Published in The guardian (UK) (24/01/2004) Here

Find more Naomi Klein's articles at her web site Here

by Naomi Klein > January 22 2004


Bush's Iraq an Appointocracy


“The people of Iraq are free,” declared U.S. President George W. Bush in Tuesday’s State of the Union. The day before, 100,000 Iraqis begged to differ. They took to the streets of Baghdad shouting “Yes, yes to elections. No, no to selection.”

According to Iraq occupation chief Paul Bremer, there really is no difference between the White House’s version of freedom and the one being demanded on the street. Asked Friday whether his plan to form an Iraqi government through appointed caucuses was headed towards a clash with Ayatollah Ali al-Sistani ’s call for direct elections, Bremer said he had no “fundamental disagreement with him.”

It was, he said, a mere quibble over details. “I don't want to go into the technical details of refinements… There are — if you talk to experts in these matters — all kinds of ways to organize partial elections and caucuses. And I'm not an election expert, so I don't want to go into the details. But we've always said we're willing to consider refinements.”

I’m not an election expert either, but I’m pretty sure there are differences here than cannot be refined. Al-Sistani’s supporters want every Iraqi to have a vote and for the people they elect to write the laws of the country — your basic, imperfect, representative democracy.

Bremer wants his Coalition Provisional Authority to appoint the members of 18 regional Organizing Committees. The Organizing Committees will then select delegates to form 18 Selection Caucuses. These selected delegates will then further select representatives to a Transitional National Assembly. The Assembly will have an internal vote to select an executive and ministers who will form the new government of Iraq. This, Bush said in the State of the Union, constitutes “a transition to full Iraqi sovereignty.”

Got that? Iraqi sovereignty will be established by appointees appointing appointees to select appointees to select appointees. Add to that the fact that Bremer was appointed to his post by President Bush and that Bush was appointed to his by the U.S. Supreme Court, and you have the glorious new democratic tradition of the Appointocracy: rule by appointee’s appointee’s appointees’ appointees’ appointees’ selectees.

The White House insists that its aversion to elections is purely practical: there just isn’t time to pull them off before the June 30 deadline. So why have the deadline? The most common explanation is that Bush needs a “braggable” on the campaign trail: when his Democratic rival raises the spectre of Vietnam, Bush will reply that, the occupation is over, we’re on our way out.

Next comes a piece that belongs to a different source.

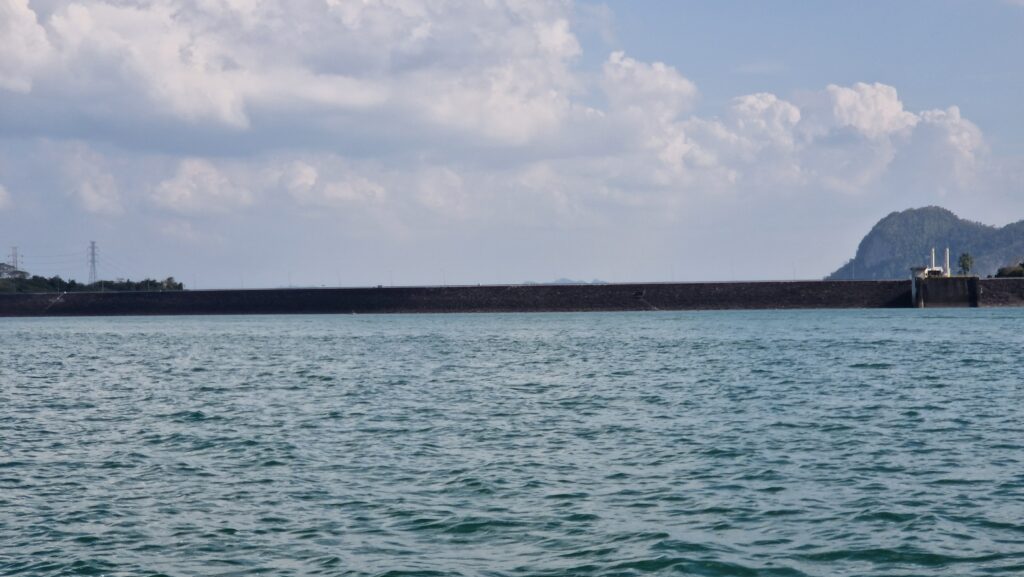 Na zakończenie parę słów o widocznej na zdjęciu poniżej tamie. Otóż jezioro Cheow Lan powstało sztucznie w 1982 roku, kiedy to ta tama została zbudowana:

Except that the U.S. has absolutely no intention of actually getting out of Iraq: it wants its troops to remain, and it wants Bechtel, MCI and Halliburton to stay behind and run the water system, the phones and the oil fields. It was with this goal in mind that, on September 19, Bremer pushed through a package of sweeping economic reforms that The Economist described as a “capitalist dream.”

But the dream, though still alive, is now in peril. A growing number of legal experts are challenging the legitimacy of Bremer’s reforms, arguing that under the international laws that govern occupying powers — the Hague Regulations of 1907 and the 1949 Geneva Conventions — the CPA can only act as a caretaker of Iraq’s economic assets, not as its auctioneer. Radical changes such as Bremer’s Order 39, which opened up Iraqi industry to 100 per cent foreign ownership, violate these laws and could therefore be easily overturned by a sovereign Iraqi government.

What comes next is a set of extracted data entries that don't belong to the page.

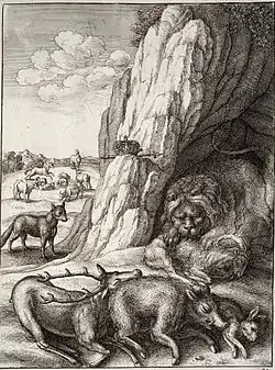 During the 17th century the fable was almost always interpreted as a warning against association with rulers. Wenceslas Hollar emphasised the political connection in his illustration of The Fables of Aesop (1673). At the mouth of a cave, a crown and sceptre are laid prominently on rocks as the lion feasts on its slaughtered visitors.[10] The same point is made by Pieter de la Court in his Sinryke Fabulen (Amsterdam, 1685). Above the woodcut illustrating the fable is the Dutch distich Een oud hoveling, een oud schoveling (an old courtier, an old survivor), while below it is the Latin proverb Cum principibus ut cum igne (With princes as with fire, be wary).[11]
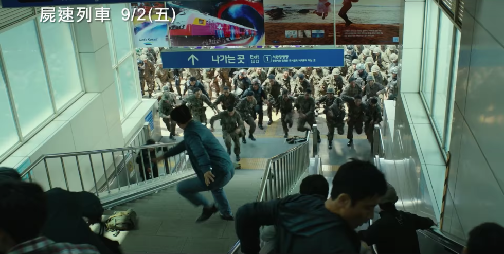 《屍速列車》從主角父女搭上列車後便一路緊張到最後一刻,毫無冷場。尤其大田站本來要求助的軍人整群被感染衝向逃難人群,甚至擠破窗戶躍至車頂的瘋狂,到最後大群活屍追著主角三人跑向車頭,場面調度優秀,畫面編排漂亮,而不斷出現的活屍血腥、可怕,卻不會給人過度噁心的感覺,讓整體感受可以順暢的延續著,幾乎直到片尾字幕出現我才真正的鬆了一口氣。
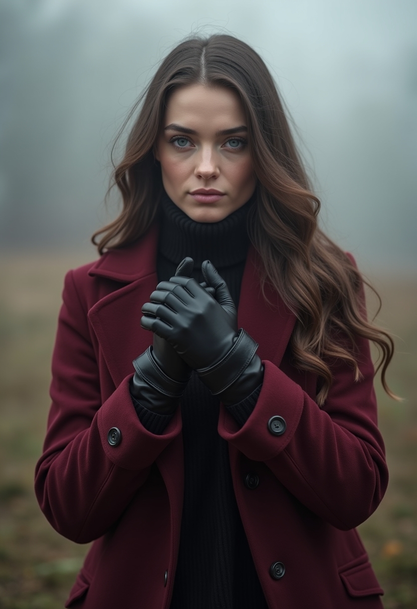 Женщина в длинном пальто цвета бордо и кожаных перчатках держит руки перед собой. Её лицо крупным планом, взгляд направлен вбок. Туман обрамляет её фигуру, создавая мягкие очертания. Освещение естественное, акцент на насыщенном цвете и дымке.
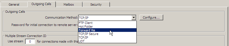 The Forward Via configuration of outgoing calls is set per contact. You need to do it for every contact that will be using the Forward Via communication method.
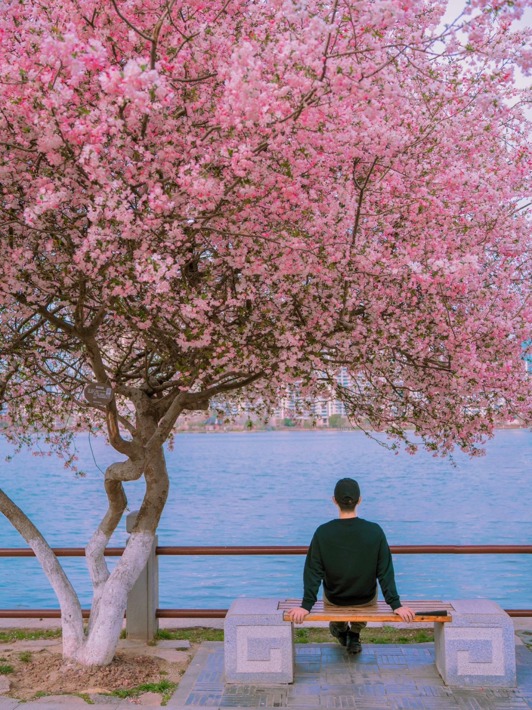 湖边一路花海,让我觉得海棠比樱花更好看~

This prospect has foreign investors seriously spooked, and many are opting not to go into Iraq. The major private insurance brokers are also sitting it out, having assessed Iraq as too great an expropriation risk. Bremer has responded by quietly canceling his announced plan to privatize Iraq’s 200 state firms, instead putting up 35 companies for lease (with a later option to buy). For the White House, the only way for its grand economic plan to continue is for its military occupation to end: only a sovereign Iraqi government , unbound by the Hague and Geneva Regulations, can legally sell off Iraq’s assets.

But will it? Given the widespread perception that the U.S. is not out to rebuild Iraq but to loot it, if Iraqis were given the chance to vote tomorrow, they could well immediately decide to expel U.S. troops and to reverse Bremer’s privatization project, opting instead to protect local jobs. And that frightening prospect — far more than the absence of a census — explains why the White House is fighting so hard for its appointocracy.

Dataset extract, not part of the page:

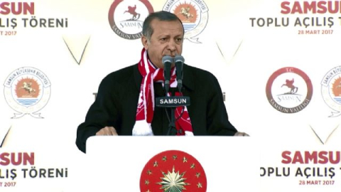 Cumhurbaşkanı Recep Tayyip Erdoğan, Samsun'da Toplu Açılış Töreninde halka hitap etti. Meydanı dolduran 10 binlere hitap eden Cumhurbaşkanı Recep Tayyip Erdoğan, "İstiklal harbimizin müjdecisi Samsun. İnşallah ülkemizin yeni döneminin de öncüsü olacaktır. Türkiye 16 Nisan'da yeni yönetime geçme kararı vereceği dönemde Samsun'a yine büyük görevler düşüyor. Samsun'a yüzde 66 yetmez. Öncü olmak öyle kolay değil. 16 Nisan'da çok daha yüksek bir oranda evet bekliyorum. Samsun aynı zamanda bir şehitler diyarı. Son 1,5 yılda 15 şehidi var. Fırat kalkanında 3 şehit verdi. Samsun'un 15 Temmuz darbe girişiminde de 3 şehidi bulunuyor. Tüm şehitlerimize Allah'tan rahmet diliyorum" diye konuştu.

Under the current U.S. plan for Iraq, the Transitional National Assembly would hold onto power from June 30 until general elections are held “no later” than December 31, 2005. That’s 17 leisurely months for a non-elected government to do what the CPA could not legally do on its own: invite U.S. troops to stay indefinitely and turn Bremer’s capitalist dream into binding law. Only after these key decisions have been made will Iraqis be invited to have their say. The White House calls this “self-rule.” It is, in fact, the very definition of outside-rule, occupation through outsourcing.

That means that the world is once again facing a choice about Iraq. Will its democracy emerge still born, with foreign troops dug in on its territory, multinationals locked into multi-year contracts controlling key resources, and an entrenched economic program that has already left 60-70 per cent of the population unemployed? Or will its democracy be born with its heart still beating, capable of building the country Iraqis choose?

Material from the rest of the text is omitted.